If you wish to use the IP address of local machines (including and sometimes restricted to the gateway) as qualifiers in your packet filtering rules, you need to update those along with the IP address.
Yes, of course, but this is exactly the point, where I don't see advantages.
And let me repeat, if you don't trust your ISP, you don't know if you get the correct IP assigned, but if you do, you know that the ISP router will route the correct packets (destination based).
Have you never seen a confused or misconfigured router?
Yes, but malformed requests are not working anyway, except if they are "pretty malformed" when:
What happens when someone breaks into the ISP and changes the configuration of their equipment?
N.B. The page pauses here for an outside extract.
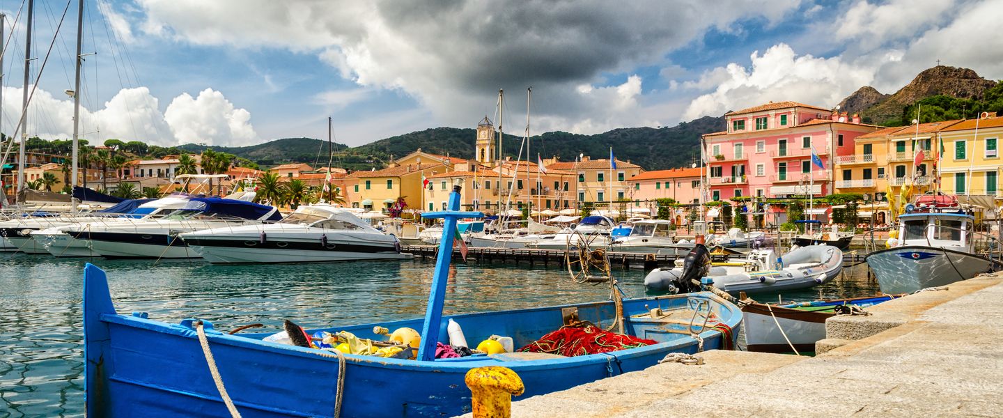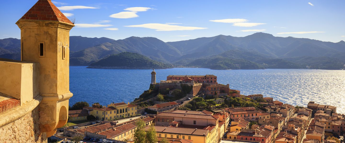 Die Insel Elba, eine grüne Oase im toskanischen Archipel, ist die Insel des unendlichen Horizonts. Goldene Strände, die vom kristallklaren Wasser gestreichelt werden, Granitfelsen inmitten der mediterranen Buschvegetation, Geschichten von Völkern, die immer von der Sonne geküsst wurden.

Then you don't trust your ISP. But in this case, the intruder may assign any IP it want's to your dyn IP interface. She may make the ppp assign an RFC1918 address or whatever. I think, this would confuse really a lot of things and may even lead to some failures, since a dynamic IP filter may drop packets (if the rules are not dedicated for the external interface, for instance).
Break into an ISP router and configure it to establish GRE tunnels and you've got some very hefty potential problems.
Well, but you should filter unneeded IP protocols (as well as TCP ports) at all, no matter if their IP is correct. And this attacker may spoof the correct address always; in many cases using the correct IP would be much more easy than the wrong one. So the intruder does not get advantages (no one I'm aware of I mean).
It's not about trusting or not trusting the ISP. The problem is that you have practically no influence on their security.
Well, and so an intruder can assign your PPP stack the needed IP anyway. So why not block any destination IP with non-public services?!
That's possible and swinging the balance between security and ease of use towards the latter by some measure I don't wish to discuss. If you can't or are unwilling to do without the IP address information, you need to update the packet filter configuration whenever that changes.
I think, in this case, you shouldn't think about addressing, but on packets coming from interface *ppp* or similar. And based on such properties a filter decision should be made, and not by dynamic rewriting, which has disadvantages as short outages.
As long as everything is properly configured, yes. But security has a concept called 'defense in depth'. If you follow that concept, you will have redundant, overlapping mechanisms. All but one are unnecessary as long as that one left doesn't fail. But what if it does?
No, don't take me wrong. Of course you're right. But in this particular case, I don't see an attack szenario which would become impossible by such a setup. Another important point is KISS: keep it simple, stupid. If you have a firwall rule that blocks anythink on *ppp* except a short list of allowed things, it's much more easy to overview/supervise, check and verify the setup. It's much more straightforward. It's based on the natural feeling of the problem (filtering packets on an external interface), which is more intuitive than filtering packets with uncommon, compliciated IP addresses never seen in any setup script.
This, of course, leads to compromise. Those with the need for high security use many layers of defence, those with assets of lower value (or those that don't care or know better) employ fewer layers. In the end it's always a question of cost.
You assume that "my" setup is more insecure but more cheap. I think this way is not more insecure, but more easy to administrate - and by this more secure - AND more cheap :) oki, Steffen -- Dieses Schreiben wurde maschinell erstellt, es trägt daher weder Unterschrift noch Siegel.